* [Records for this task]:
· · ·

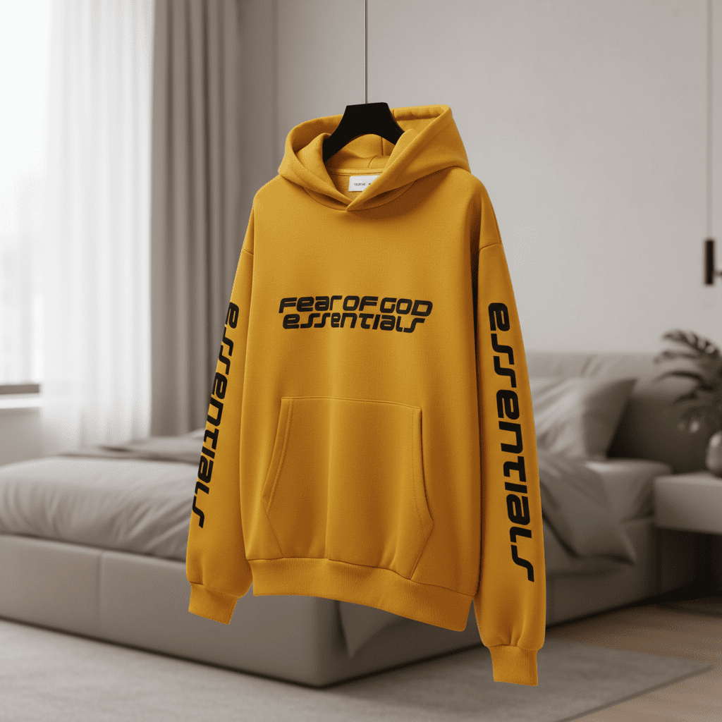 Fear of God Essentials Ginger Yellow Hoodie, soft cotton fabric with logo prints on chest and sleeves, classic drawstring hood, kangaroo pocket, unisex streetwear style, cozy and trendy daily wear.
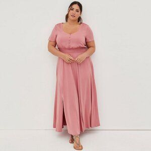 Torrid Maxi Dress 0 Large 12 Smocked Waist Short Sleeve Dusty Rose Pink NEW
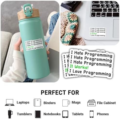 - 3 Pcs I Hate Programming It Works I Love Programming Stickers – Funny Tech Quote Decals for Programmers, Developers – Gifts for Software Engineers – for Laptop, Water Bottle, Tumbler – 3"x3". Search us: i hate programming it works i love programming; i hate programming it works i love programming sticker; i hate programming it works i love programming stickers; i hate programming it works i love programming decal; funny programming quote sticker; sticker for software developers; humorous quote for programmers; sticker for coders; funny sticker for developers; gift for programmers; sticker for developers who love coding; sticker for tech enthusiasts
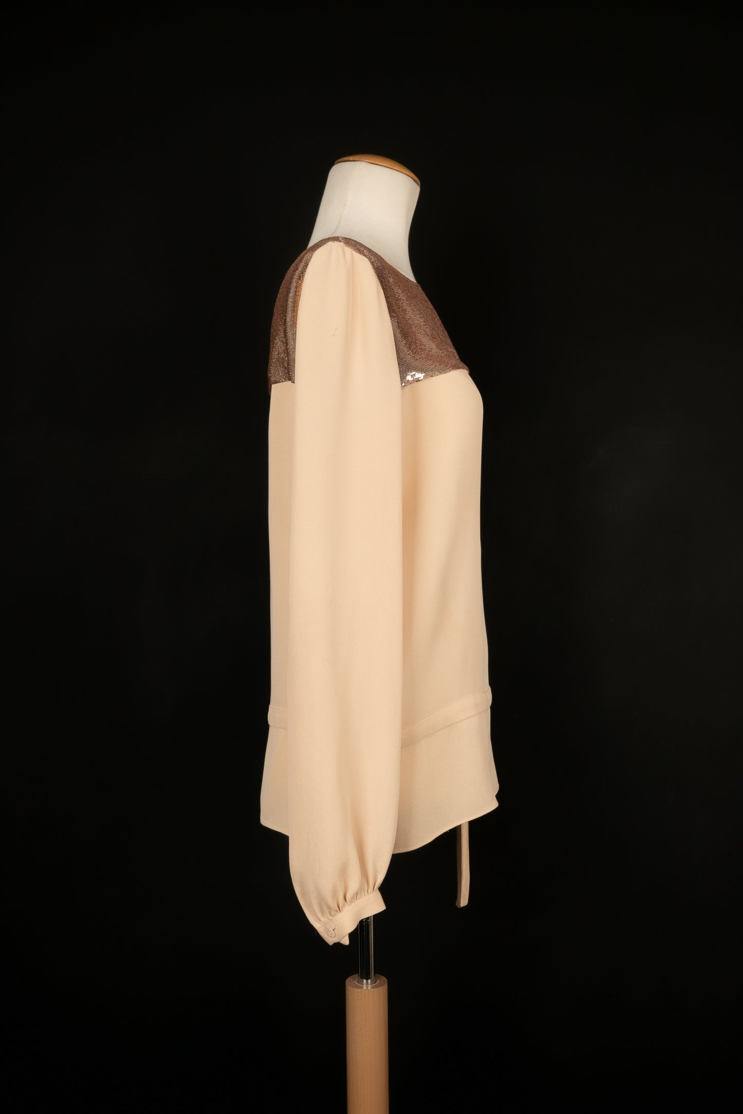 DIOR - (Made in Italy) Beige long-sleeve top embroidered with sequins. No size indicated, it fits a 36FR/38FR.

· · ·

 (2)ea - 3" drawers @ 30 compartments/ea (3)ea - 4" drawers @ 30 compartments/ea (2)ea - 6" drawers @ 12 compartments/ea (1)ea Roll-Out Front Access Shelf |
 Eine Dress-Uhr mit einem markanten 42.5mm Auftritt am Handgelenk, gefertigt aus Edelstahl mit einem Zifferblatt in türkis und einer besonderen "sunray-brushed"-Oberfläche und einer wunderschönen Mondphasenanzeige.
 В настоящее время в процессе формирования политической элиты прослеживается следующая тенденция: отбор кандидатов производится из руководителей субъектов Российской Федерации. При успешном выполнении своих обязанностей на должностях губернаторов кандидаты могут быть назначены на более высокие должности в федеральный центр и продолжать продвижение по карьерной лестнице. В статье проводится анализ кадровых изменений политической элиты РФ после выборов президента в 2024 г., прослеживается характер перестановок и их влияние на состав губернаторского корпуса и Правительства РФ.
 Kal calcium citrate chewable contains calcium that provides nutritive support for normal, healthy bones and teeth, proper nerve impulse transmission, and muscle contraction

· · ·

* [Aim of the exercise]:
What's needed is an exact copy of the records above from the line containing "- 3 Pcs I Hate" down to the line containing "DIOR - (Made", both included, without any pictures.

* [Result]:
 - 3 Pcs I Hate Programming It Works I Love Programming Stickers – Funny Tech Quote Decals for Programmers, Developers – Gifts for Software Engineers – for Laptop, Water Bottle, Tumbler – 3"x3". Search us: i hate programming it works i love programming; i hate programming it works i love programming sticker; i hate programming it works i love programming stickers; i hate programming it works i love programming decal; funny programming quote sticker; sticker for software developers; humorous quote for programmers; sticker for coders; funny sticker for developers; gift for programmers; sticker for developers who love coding; sticker for tech enthusiasts
 DIOR - (Made in Italy) Beige long-sleeve top embroidered with sequins. No size indicated, it fits a 36FR/38FR.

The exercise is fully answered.